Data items
★ ★ ★ ★ ★
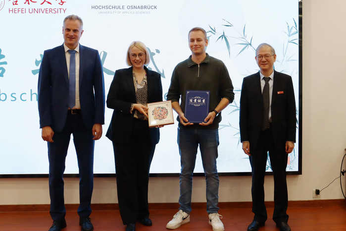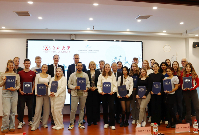 王其東代表學(xué)校對卡塔琳娜·普特市長一行表示熱烈的歡迎,對徽文化秋令營的成功舉辦表示祝賀。他表示,此次交流中德學(xué)生建立起深厚情誼,為日后攜手書寫兩校友誼新篇章打下堅實基礎(chǔ),為雙方未來教育、經(jīng)濟、文化發(fā)展注入了生機與活力。奧斯納布呂克應(yīng)用科學(xué)大學(xué)校長亞歷山大·施梅曼先生在致辭中感嘆中國發(fā)展速度之快,同時也很高興看到合肥大學(xué)的高速發(fā)展變化,希望通過更多形式的交流活動來加深兩校友誼,深化合作與發(fā)展。德國奧斯納布呂克應(yīng)用科學(xué)大學(xué)的學(xué)生代表伊爾薩比·拉德馬赫分享了在合肥大學(xué)交流期間的體驗與感悟,并表示會銘記這段美好回憶。
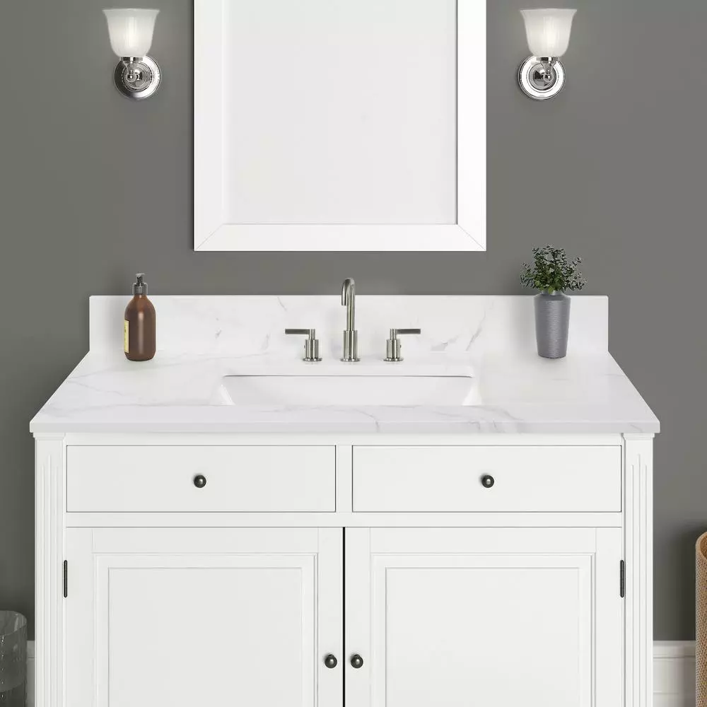 43 in. Calacatta White Engineered Marble Top. Attached stylish rectangular white vitreous china undermount bowl with safety overflow hole. 4 in. high backsplash included to help protect walls from water damage.
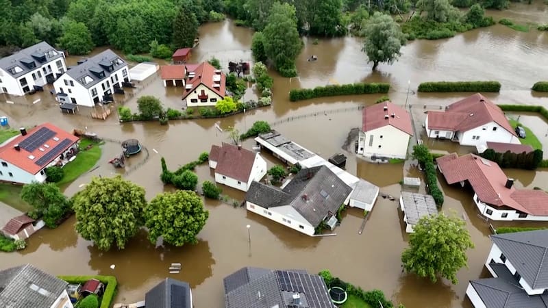 Registro de dron muestra las graves inundaciones al sur de Alemania
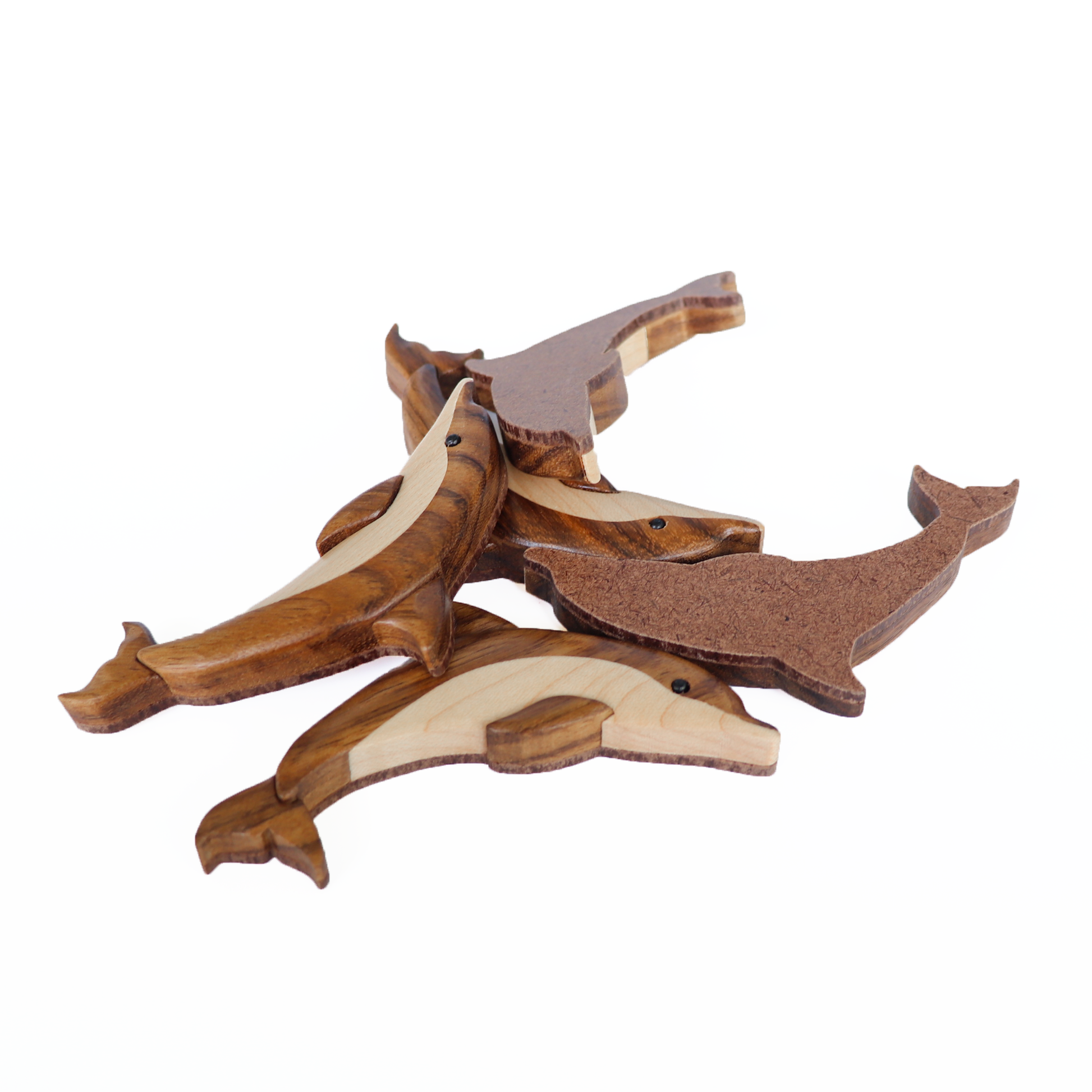 Bring the beauty of the ocean into your home with our hand-crafted Dolphin wood carving. Created from naturally colored wood in the intricate intarsia artform. Choose between magnet and ornament versions to enjoy it year round. Perfect for nature and animal lovers!
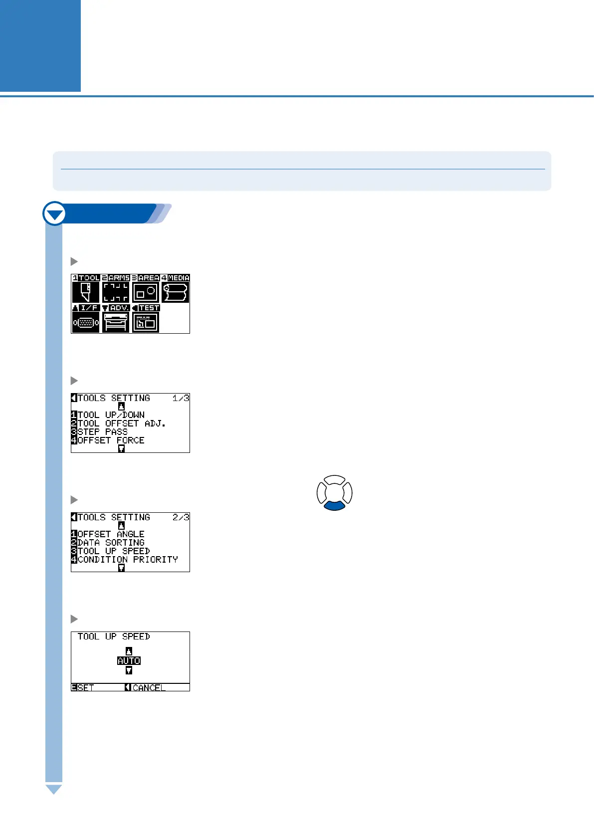 TOOL UP SPEED setting screen is displayed.
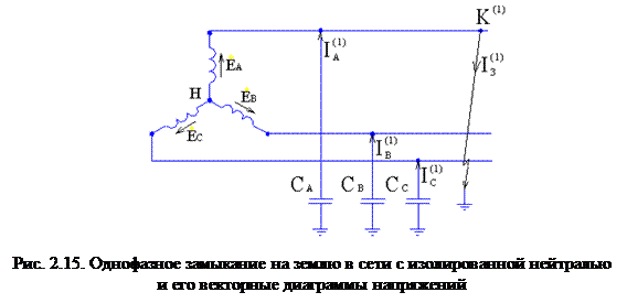 В сетях переменного тока при нормальной работе, наряду с рабочими токами нагрузки по фазам проходят токи обусловленные емкостями фаз по отношению к земле. При этом распределенные емкости фаз могут быть заменены сосредоточенными емкостями СА, СВ, Сс, напряжения фаз по отношению к земле равны соответствующим фазным напряжениям UA, UB, UC, относительно нейтрали системы. Векторы фазных напряжений образуют симметричную звезду, в результате напряжение нейтрали системы по отношению к земле равно нулю, а через сосредоточенные емкости протекают равные по величине токи, опережающие соответствующие напряжения на 900, то есть
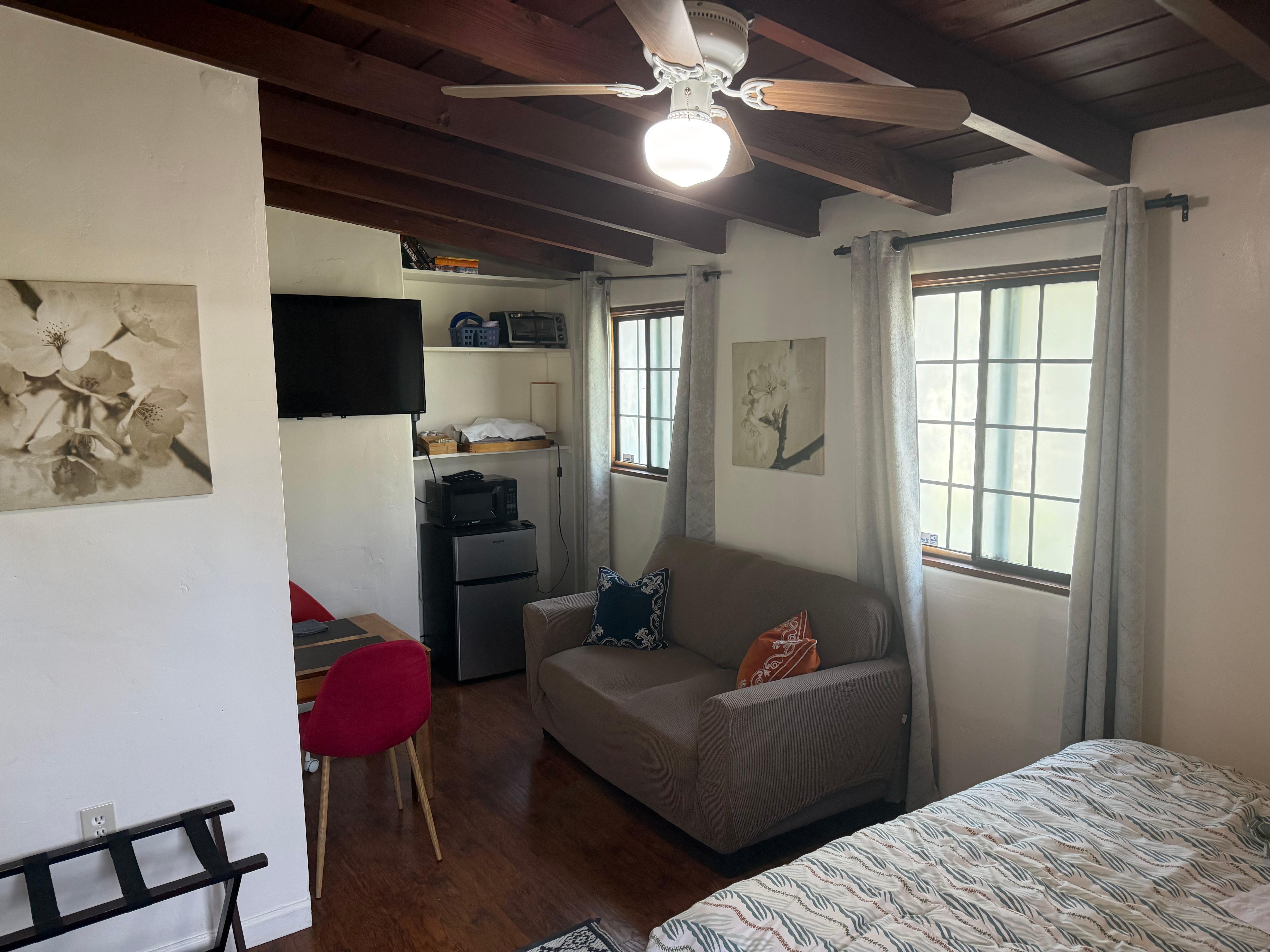 A private and comfortable Palm Springs getaway - accommodating up to two guests. The property is dotted with bougainvilleas and blooming plumerias and features an outdoor pool at our sister property next door. Room features a comfortable Queen size bed, a sofa, a TV, fridge, microwave, coffee maker, plates, cups, glasses, utensils and Free WIFI.
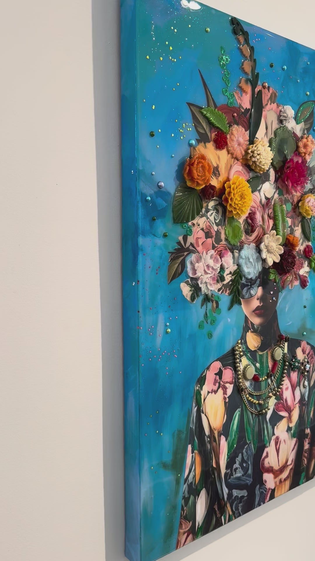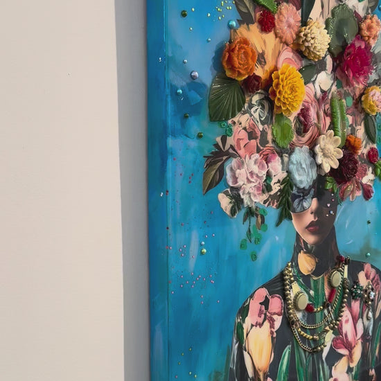 Amy Shekhter is a multi-disciplinary artist living in Florida. She spent the first 20 years of her life growing up in Alaska, which has many months of cold and darkness. This inspired her to use unconventional materials to create a space indoors filled with colorful art and interesting designs. After moving to Florida, she earned her Masters Degree in Art Education, and spent 8 years teaching public and private school students about art. Having missed the time to create her own work, she decided quit teaching to follow her passion and became a full-time artist. Guided by her fascination with different cultures, communities, and fashion, Shekhter merges digital design with various materials and textures. Layers of media, such as resin castings, plexiglass, beads and glass are carefully placed to give each artwork a three-dimensional appearance. Each figure is imagined from a distant memory or dream and inspired by the beauty of nature and growth, giving the viewer a sense of joy and wonder while also having them construct their own connection from the various visual elements.
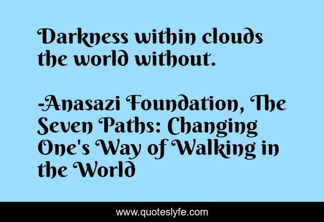 "Anasazi Foundation, The Seven Paths: Changing One's Way of Walking in the World Quotes." Quoteslyfe.com, 2025. Fri. 05 Dec. 2025. <https://www.quoteslyfe.com/quote/Darkness-within-clouds-the-world-without-89545>.
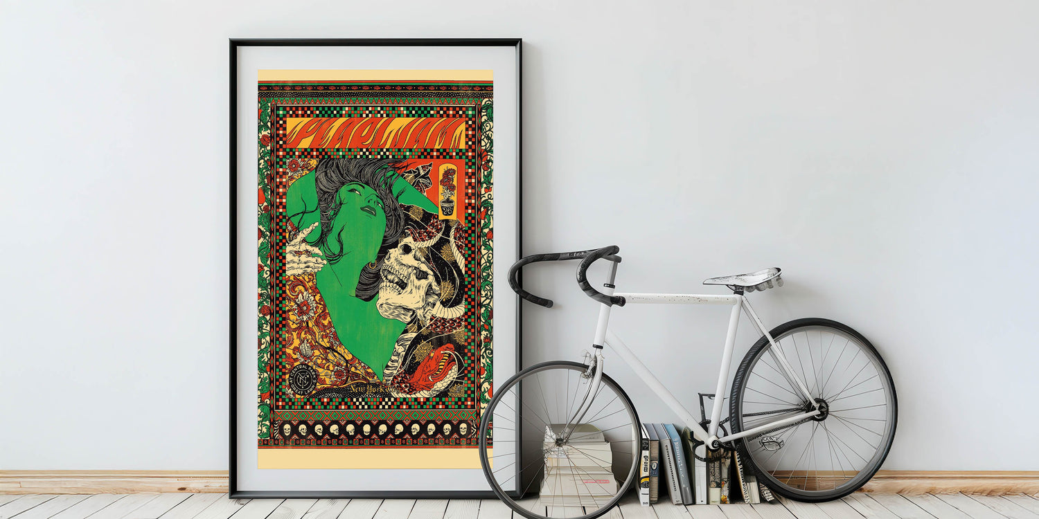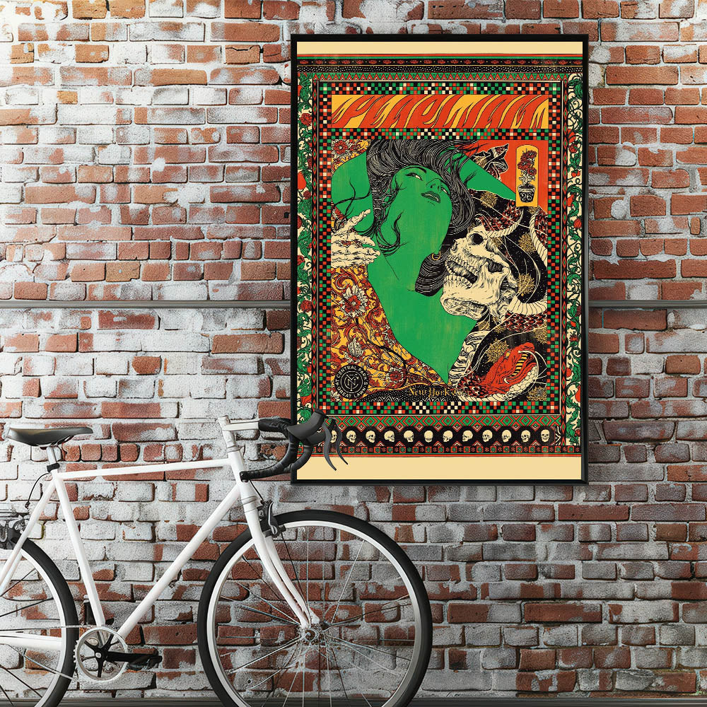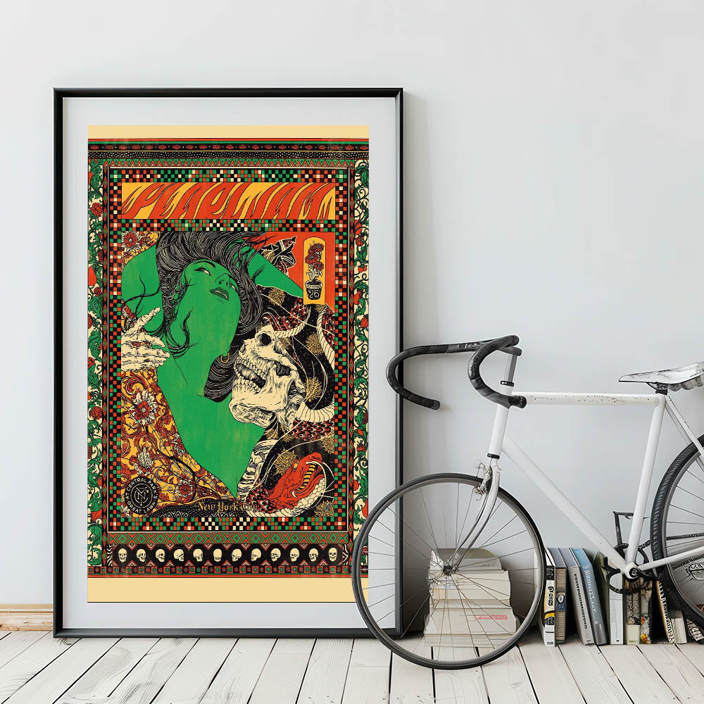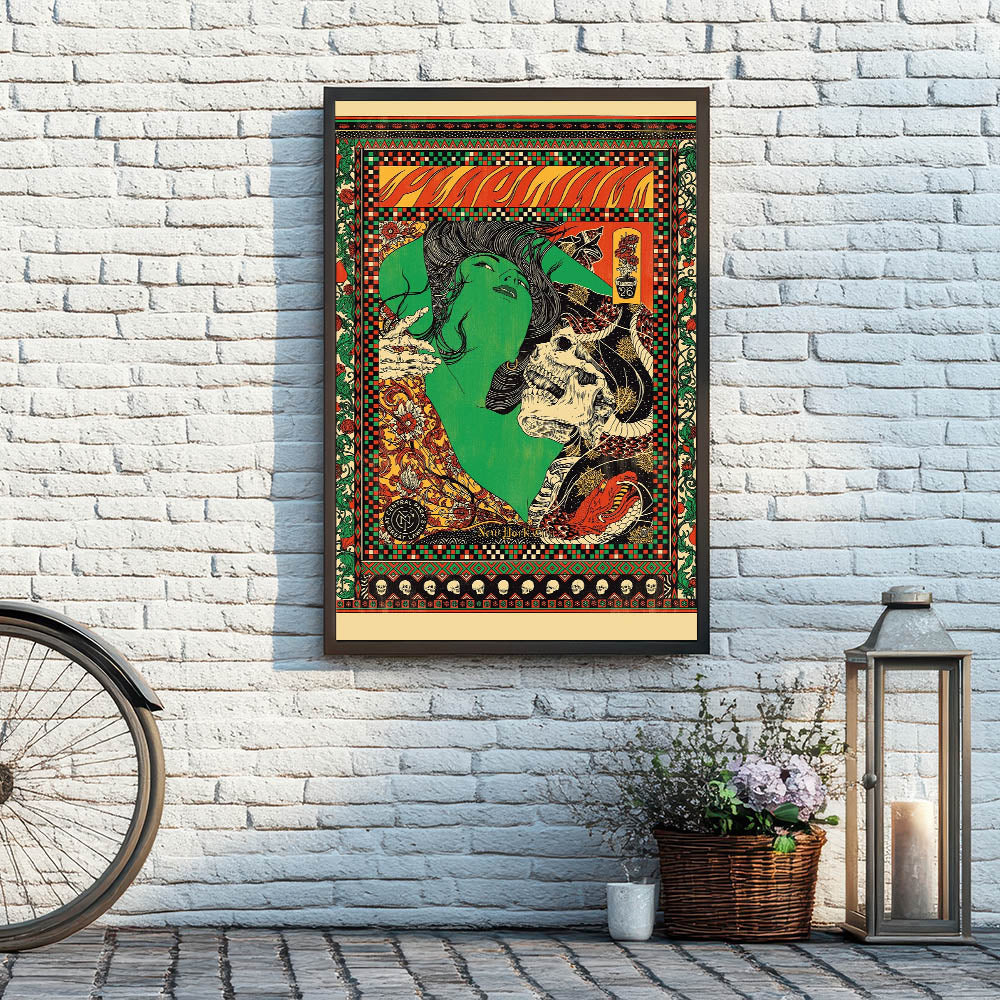 Celebrate Pearl Jam’s iconic energy with this vibrant concert poster from their performance in Central Park, New York, in September. The striking illustration combines intricate patterns and bold imagery, featuring a green woman’s face intertwined with a skull, snakes, and flowers. The fiery reds, greens, and yellows make this poster a standout piece, blending rock culture with vintage psychedelic art. Perfect for fans of Pearl Jam, this poster captures the spirit of live music and the dynamic energy of the band’s performance.
★ ★ ★ ★ ★
▶ [Try it] Each line above should be printed again exactly, though the pictures should not be.

▶ [Answer space]
 王其東代表學(xué)校對卡塔琳娜·普特市長一行表示熱烈的歡迎,對徽文化秋令營的成功舉辦表示祝賀。他表示,此次交流中德學(xué)生建立起深厚情誼,為日后攜手書寫兩校友誼新篇章打下堅實基礎(chǔ),為雙方未來教育、經(jīng)濟、文化發(fā)展注入了生機與活力。奧斯納布呂克應(yīng)用科學(xué)大學(xué)校長亞歷山大·施梅曼先生在致辭中感嘆中國發(fā)展速度之快,同時也很高興看到合肥大學(xué)的高速發(fā)展變化,希望通過更多形式的交流活動來加深兩校友誼,深化合作與發(fā)展。德國奧斯納布呂克應(yīng)用科學(xué)大學(xué)的學(xué)生代表伊爾薩比·拉德馬赫分享了在合肥大學(xué)交流期間的體驗與感悟,并表示會銘記這段美好回憶。
 43 in. Calacatta White Engineered Marble Top. Attached stylish rectangular white vitreous china undermount bowl with safety overflow hole. 4 in. high backsplash included to help protect walls from water damage.
 Registro de dron muestra las graves inundaciones al sur de Alemania
 Bring the beauty of the ocean into your home with our hand-crafted Dolphin wood carving. Created from naturally colored wood in the intricate intarsia artform. Choose between magnet and ornament versions to enjoy it year round. Perfect for nature and animal lovers!
 TOOL UP SPEED setting screen is displayed.
 В сетях переменного тока при нормальной работе, наряду с рабочими токами нагрузки по фазам проходят токи обусловленные емкостями фаз по отношению к земле. При этом распределенные емкости фаз могут быть заменены сосредоточенными емкостями СА, СВ, Сс, напряжения фаз по отношению к земле равны соответствующим фазным напряжениям UA, UB, UC, относительно нейтрали системы. Векторы фазных напряжений образуют симметричную звезду, в результате напряжение нейтрали системы по отношению к земле равно нулю, а через сосредоточенные емкости протекают равные по величине токи, опережающие соответствующие напряжения на 900, то есть
 A private and comfortable Palm Springs getaway - accommodating up to two guests. The property is dotted with bougainvilleas and blooming plumerias and features an outdoor pool at our sister property next door. Room features a comfortable Queen size bed, a sofa, a TV, fridge, microwave, coffee maker, plates, cups, glasses, utensils and Free WIFI.
 Amy Shekhter is a multi-disciplinary artist living in Florida. She spent the first 20 years of her life growing up in Alaska, which has many months of cold and darkness. This inspired her to use unconventional materials to create a space indoors filled with colorful art and interesting designs. After moving to Florida, she earned her Masters Degree in Art Education, and spent 8 years teaching public and private school students about art. Having missed the time to create her own work, she decided quit teaching to follow her passion and became a full-time artist. Guided by her fascination with different cultures, communities, and fashion, Shekhter merges digital design with various materials and textures. Layers of media, such as resin castings, plexiglass, beads and glass are carefully placed to give each artwork a three-dimensional appearance. Each figure is imagined from a distant memory or dream and inspired by the beauty of nature and growth, giving the viewer a sense of joy and wonder while also having them construct their own connection from the various visual elements.
 "Anasazi Foundation, The Seven Paths: Changing One's Way of Walking in the World Quotes." Quoteslyfe.com, 2025. Fri. 05 Dec. 2025. <https://www.quoteslyfe.com/quote/Darkness-within-clouds-the-world-without-89545>.
 Celebrate Pearl Jam’s iconic energy with this vibrant concert poster from their performance in Central Park, New York, in September. The striking illustration combines intricate patterns and bold imagery, featuring a green woman’s face intertwined with a skull, snakes, and flowers. The fiery reds, greens, and yellows make this poster a standout piece, blending rock culture with vintage psychedelic art. Perfect for fans of Pearl Jam, this poster captures the spirit of live music and the dynamic energy of the band’s performance.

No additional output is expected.